Between \\(300\~R_\odot\\) and \\(400\~R_\odot\\), the initial profile is constructed with the radiative luminosity to be \\(10^5\~L_\odot\\), and this is kept fixed in the IB.
**Simulation time-step:** ~2 days.
**Data are stored separated by ( \\(\Delta t\\)):** units here are sort of arbitrary, \\(\Delta t= 8\\).
**Total time range ( \\(t_{min}\\) to \\(t_{max}\\)):** \\(t_{min} = 2\\), \\(t_{max} = 23402\\) (arbitrary).
**Spatial domain size:** \\(R\\) from \\(300-6700~{\rm R_\odot}\\), θ from \\(π/4−3π/4\\) and \\(\phi\\) from \\(0−π\\), with \\(δr/r ≈ 0.01\\).

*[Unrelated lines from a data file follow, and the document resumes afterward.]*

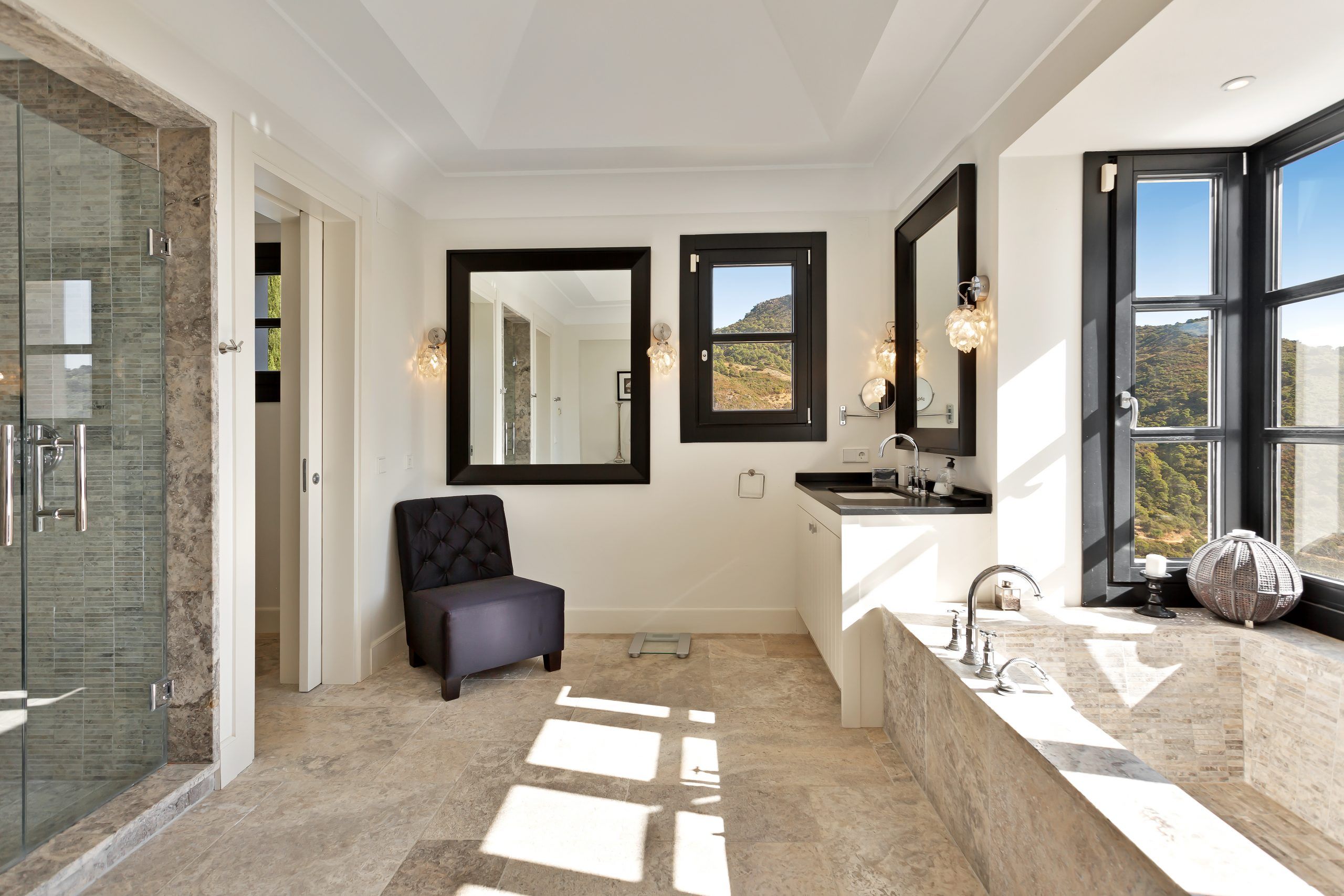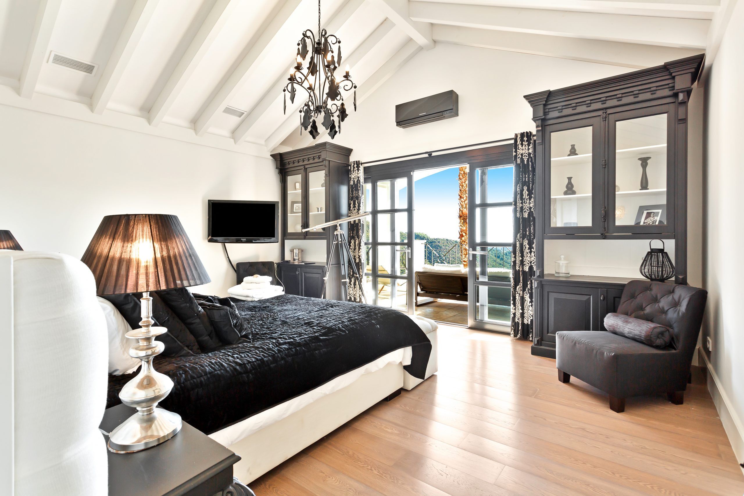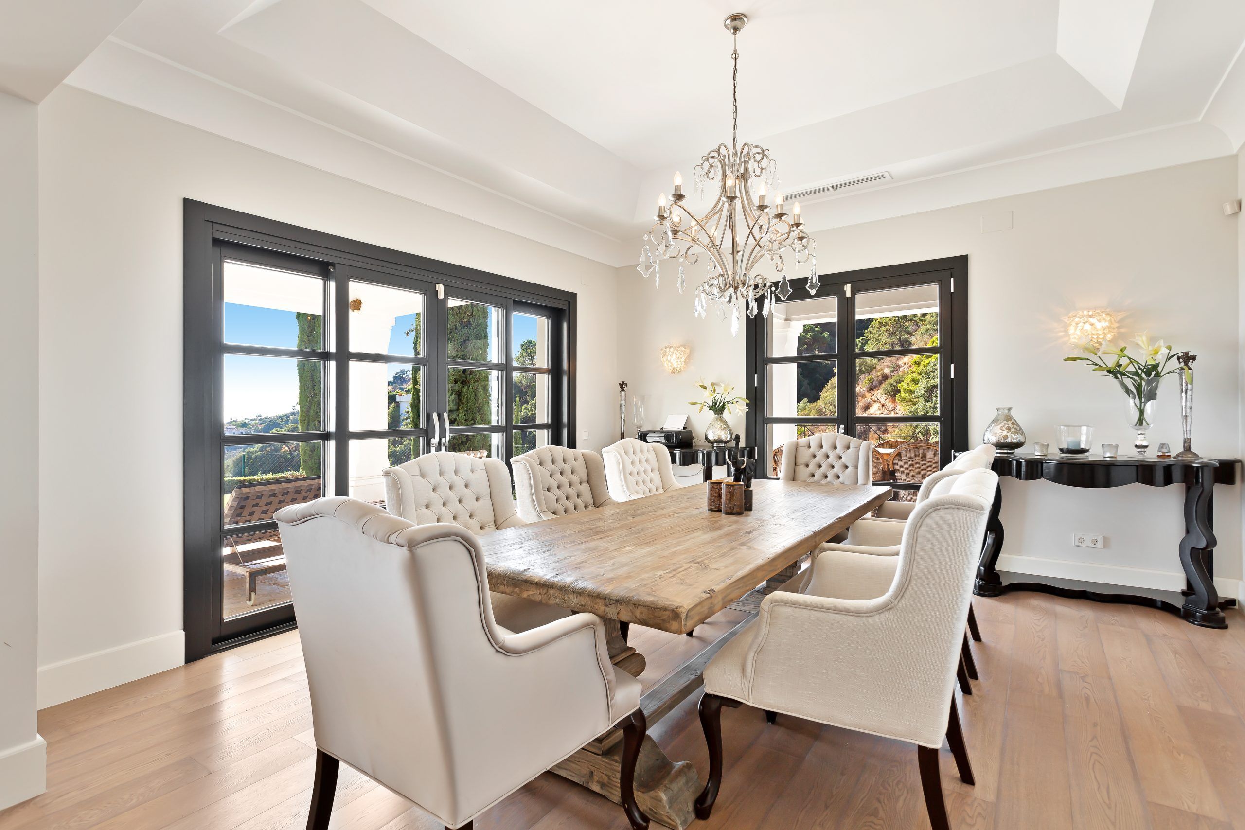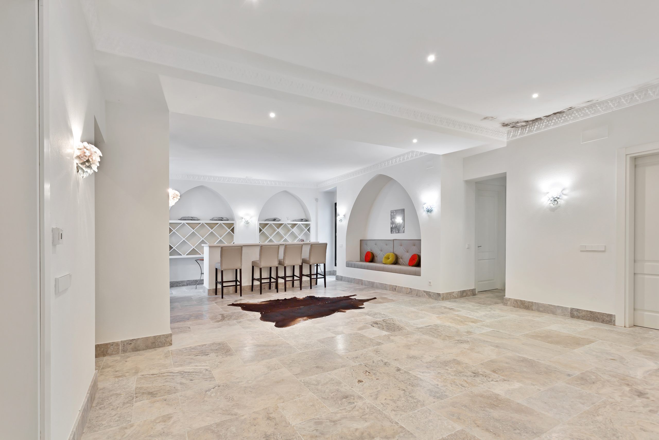 From the sea view terraces of this exclusive villa, you can see North Africa on a clear day. And in the south of Spain, clear sunny days are plentiful. It's a fifteen-minute drive to the coast for beaches and the glitzy centre of Marbella is twenty-five minutes in the car. This villa has so many luxurious touches that you might just stay put. Palm-fringed gardens are home to a lagoon-shaped infinity pool looking out over the mountains to the sea and there are myriad dining spots and terraces in the shade. While the main lounge inside is a grand affair with its upright piano and open fireplace, the highlight is the lower floor. Down here, there's a Moroccan-style cocktail bar, indoor swimming pool with a Jacuzzi, sauna and a yoga and fitness room. The casual cinema room with day beds just tops it all off.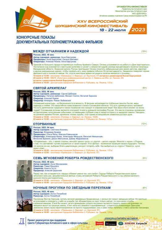 Напомним: конкурс документального кино проводится при поддержке гранта Губернатора Алтайского края в сфере культуры.
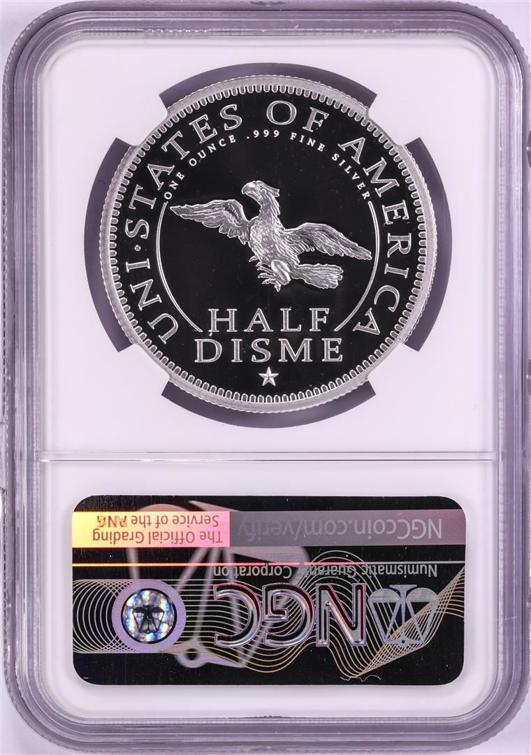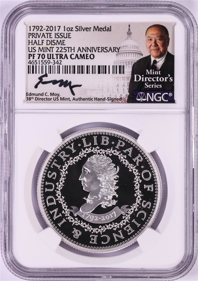 One 1792-2017 Half Disme 1 oz. Silver Medal NGC PF70 W/Edmund C. Moy Signature. NGC Certified.

**Set of coefficients or non-dimensional parameters evaluated:**
| Simulation | radius of inner boundary \\(R_{IB}/R_\odot\\) | radius of outer boundary \\(R_{OB}/R_\odot\\) | heat source | resolution (r × θ × \\(\phi\\)) | duration | core mass \\(mc/M_\odot\\) | final mass \\(M_{\rm final}/M_\odot\\) |
| ------------------------------------------------ | ----------------------------------------- | ----------------------------------------- | ----------- | --------------------------- | --------- | --------------------- | ---------------------------------- |
| Whole simulation (to obtain the 29 trajectories) | 300 | 6700 | fixed L | 256 × 128 × 256 | 5766 days | 10.79 | 12.9 |
**Approximate time to generate the data:** 2 months on 80 nodes, or approximately 10 million CPU hours.
**Hardware used to generate the data:** 80x NASA Pleiades Skylake CPU nodes.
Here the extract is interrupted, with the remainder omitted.